- RAW DATA -
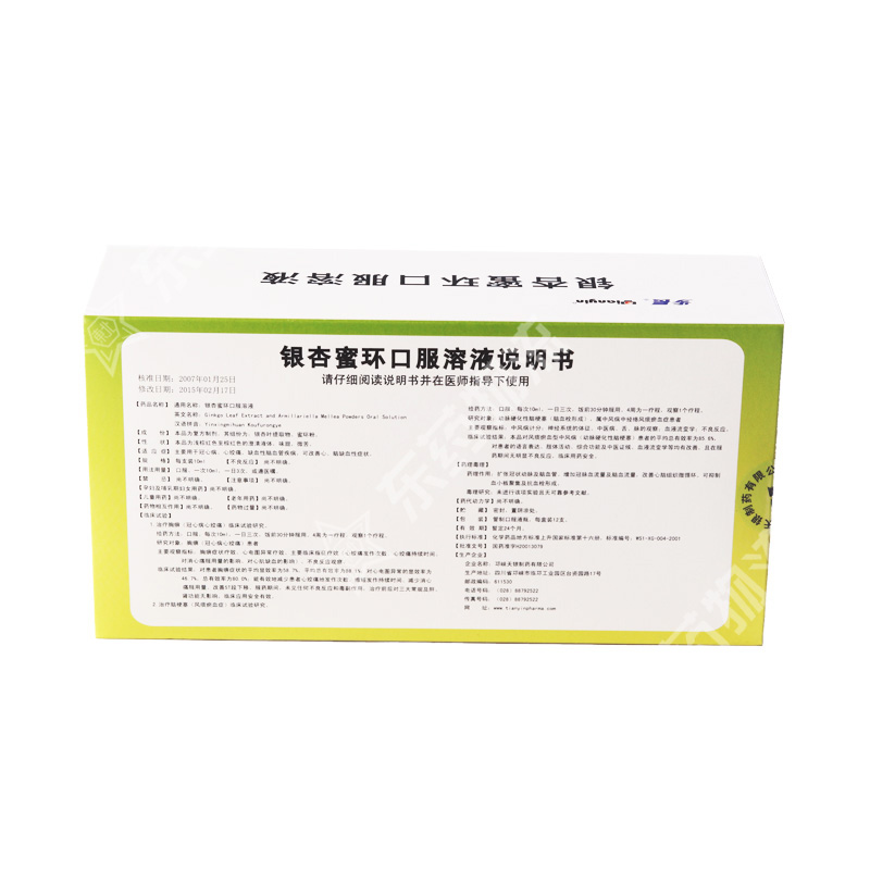 | 成份: | 本品为复方制剂,其组份为:银杏叶提取物、蜜环粉。 |
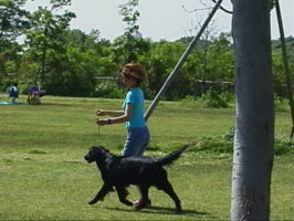 続いて、ハンドリング教室でドックショーの進行についての説明と如何にフラットの能力を引き出せるかを勉強しました。
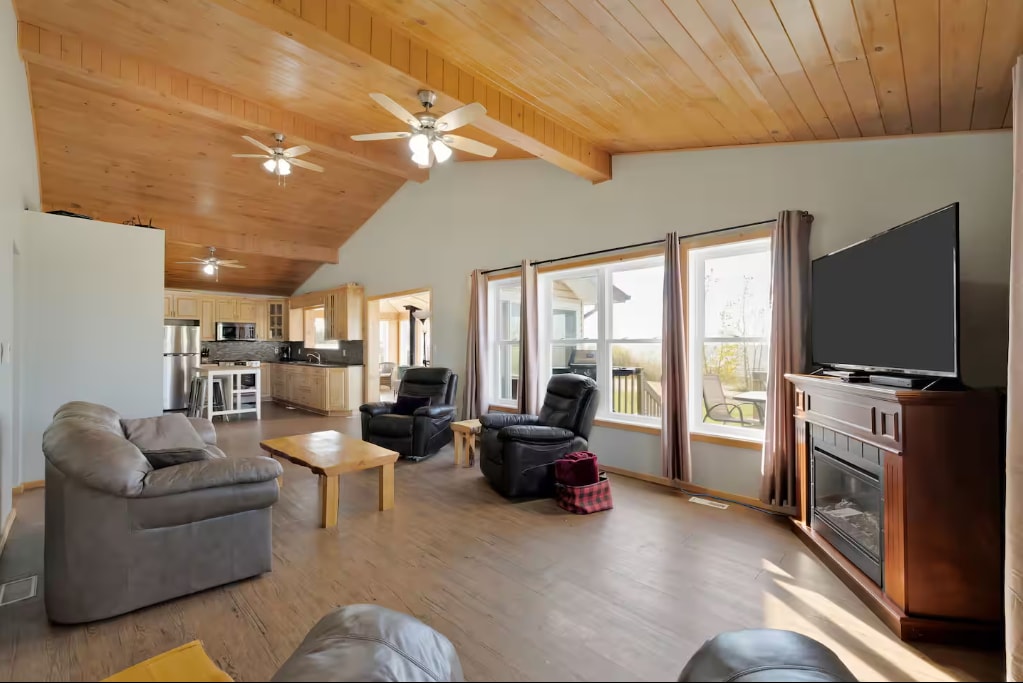 Merħba fil-kabina li għadha kif ġiet irranġata ħdejn ix-xtut tal-Lag Manitoba! Il-familja tagħna tħobb tqatta 'l-ħin hawn u aħna eċitati li naqsmu miegħek. Fis-sajf gawdi l-bajja ramlija (hija biss mixja qasira ta '5 minuti!), il-fossa tan-nirien fuq barra u l-kabina bl-arja kkundizzjonata. Fix-xitwa, l-opportunitajiet huma abbundanti għas-sajd bis-silġ fuq il-lag, bl-użu ta 'mogħdijiet tas-silġ u tgawdi l-atmosfera komda pprovduta mill-forn tal-injam ta' ġewwa. Naturalment, il-hot tub ta 'barra huwa prominenza irrispettivament minn liema żmien tas-sena!
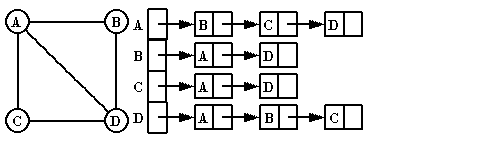 2 邻接链表,对于任何一个node A,外挂一个邻接链表,如果存在 A->X这样的边,就将X链入链表。 这种表示方法的优点是节省空间,缺点是所有链表都存在的缺点,地址空间的不连续造成缓存命中降低,性能有不如临界矩阵这样的数组。

- TASK -
Quote the data above in full, leaving out the pictures it holds.

- SOLUTION TO THIS EXERCISE -
 | 成份: | 本品为复方制剂,其组份为:银杏叶提取物、蜜环粉。 |
 続いて、ハンドリング教室でドックショーの進行についての説明と如何にフラットの能力を引き出せるかを勉強しました。
 Merħba fil-kabina li għadha kif ġiet irranġata ħdejn ix-xtut tal-Lag Manitoba! Il-familja tagħna tħobb tqatta 'l-ħin hawn u aħna eċitati li naqsmu miegħek. Fis-sajf gawdi l-bajja ramlija (hija biss mixja qasira ta '5 minuti!), il-fossa tan-nirien fuq barra u l-kabina bl-arja kkundizzjonata. Fix-xitwa, l-opportunitajiet huma abbundanti għas-sajd bis-silġ fuq il-lag, bl-użu ta 'mogħdijiet tas-silġ u tgawdi l-atmosfera komda pprovduta mill-forn tal-injam ta' ġewwa. Naturalment, il-hot tub ta 'barra huwa prominenza irrispettivament minn liema żmien tas-sena!
 2 邻接链表,对于任何一个node A,外挂一个邻接链表,如果存在 A->X这样的边,就将X链入链表。 这种表示方法的优点是节省空间,缺点是所有链表都存在的缺点,地址空间的不连续造成缓存命中降低,性能有不如临界矩阵这样的数组。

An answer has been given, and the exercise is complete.